Broadcaster and Myanmar specialist

Christopher Robert Paul Gunness (born 1959) is the former chief spokesperson for the United Nations Relief and Works Agency for Palestine Refugees in the Near East (UNRWA). He is currently the Director of the Myanmar Accountability Project.

==Early life==

Gunness was born in 1959 in what was then the Crown Colony of Trinidad, part of the British West Indies. He was educated in England, initially at Ardingly College, before gaining a scholarship to Oxford University in 1979.

==BBC==

He joined the BBC as a graduate trainee in 1982. During his 23-year career in broadcasting, he covered all the following roles: producer, studio manager, reporter, correspondent and anchor.

==UNSCO==

In 2005, Gunness left the BBC to join the United Nations Special Coordinator for the Middle East Peace Process (UNSCO), which was created following the signing of the Oslo Accords. He was a member of a UN mission mandated by the UN to try and halt the Lebanon war in July 2006.

==UNRWA==

In 2007, he was appointed Spokesman and Director of Strategic Communications at UNRWA.
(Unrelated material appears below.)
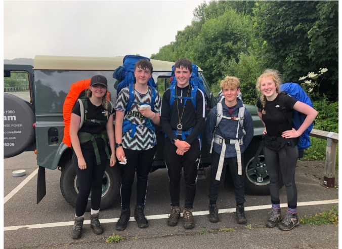
Very wet staff at the end of the Expedition!

In 2014, during the war between Israel and Hamas in the Gaza Strip, he made several media appearances.

On 27 July 2014 Gunness was interviewed by David Gregory on Meet the Press; Gregory was criticized for asking Gunness to comment on unverified video footage that Gunness was not able to see.

On 30 July 2014, following a live TV interview from his office in Jerusalem with al Jazeera-Arabic Gunness broke down in tears discussing the shelling of the UNRWA schools in Gaza, which resulted in the death of 15 people.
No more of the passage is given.